Terry bought some gum and some candy. The number of packs of chewing gum was one more than the number of mints. The number of mints was three times the number of chocolate bars. If gum cost 6 cents a pack, mints cost 3 cents each, and chocolate bars cost 10 cents each, how many of each confection did he get for 80 cents?
Number of mints=x
Number of packs of chewing gum=x+1
Number of chocolate bars=y
The number of mints was three times the number of chocolate bars; then
x=3y
We can suggest this system of equations:
x=3y
6(x+1)+3x+10y=80
we can solve this system of equations by substitution method.
6(3y+1)+3(3y)+10y=80
18y+6+9y+10y=80
18y+9y+10y=80-6
37y=74
y=74/37
y=2
x=3y
x=3*(2)=6
Number of mints=x=6
number of packs of chewing gum=x+1=6+1=7
number of chocolate bars=y=2
Hope this Helped
Very weird!! I hope you're correct!
Let's assume the number of chocolate bars is x.

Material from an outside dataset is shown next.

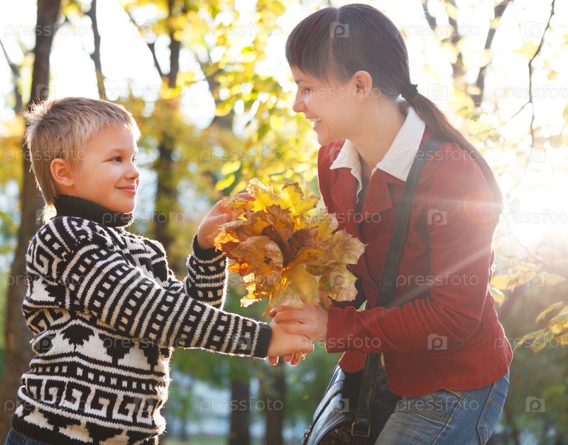Мать и сын на прогулке в парке

According to the given information, the number of mints is 3 times the number of chocolate bars, so the number of mints is 3x.
The number of packs of chewing gum is 1 more than the number of mints, so the number of packs of chewing gum is 3x + 1.

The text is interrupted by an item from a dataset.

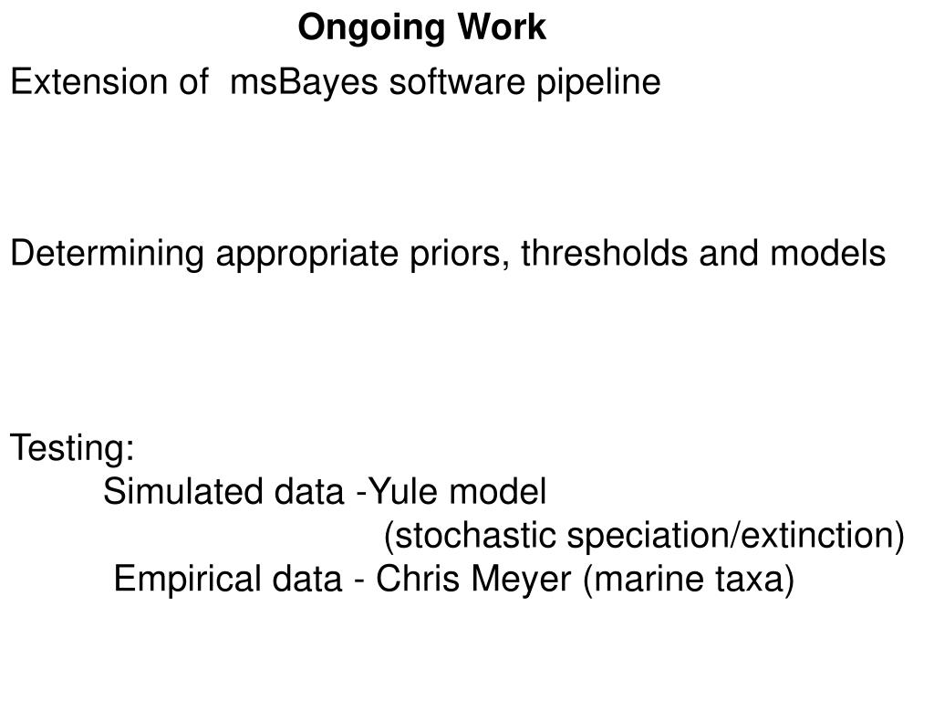 Ongoing Work Extension of msBayes software pipeline Determining appropriate priors, thresholds and models Testing: Simulated data -Yule model (stochastic speciation/extinction) Empirical data - Chris Meyer (marine taxa)

Now, let's calculate the total cost of the confections Terry bought:
The cost of x chocolate bars is 10x cents.
The cost of 3x mints is 3 * 3x = 9x cents.

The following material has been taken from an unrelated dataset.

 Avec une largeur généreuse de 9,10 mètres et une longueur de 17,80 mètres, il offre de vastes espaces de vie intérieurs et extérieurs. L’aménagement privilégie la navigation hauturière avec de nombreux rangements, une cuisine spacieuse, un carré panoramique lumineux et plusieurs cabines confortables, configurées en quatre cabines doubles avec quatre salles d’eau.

The cost of (3x + 1) packs of chewing gum is (3x + 1) * 6 = 18x + 6 cents.
The total cost of all the confections is the sum of the costs of the individual confections:
10x + 9x + 18x + 6 = 80
Combining like terms:
37x + 6 = 80
Subtracting 6 from both sides:
37x = 74
Dividing both sides by 37:
x = 2
So, Terry bought 2 chocolate bars.
The number of mints is 3x = 3 * 2 = 6.
The number of packs of chewing gum is 3x + 1 = 3 * 2 + 1 = 7.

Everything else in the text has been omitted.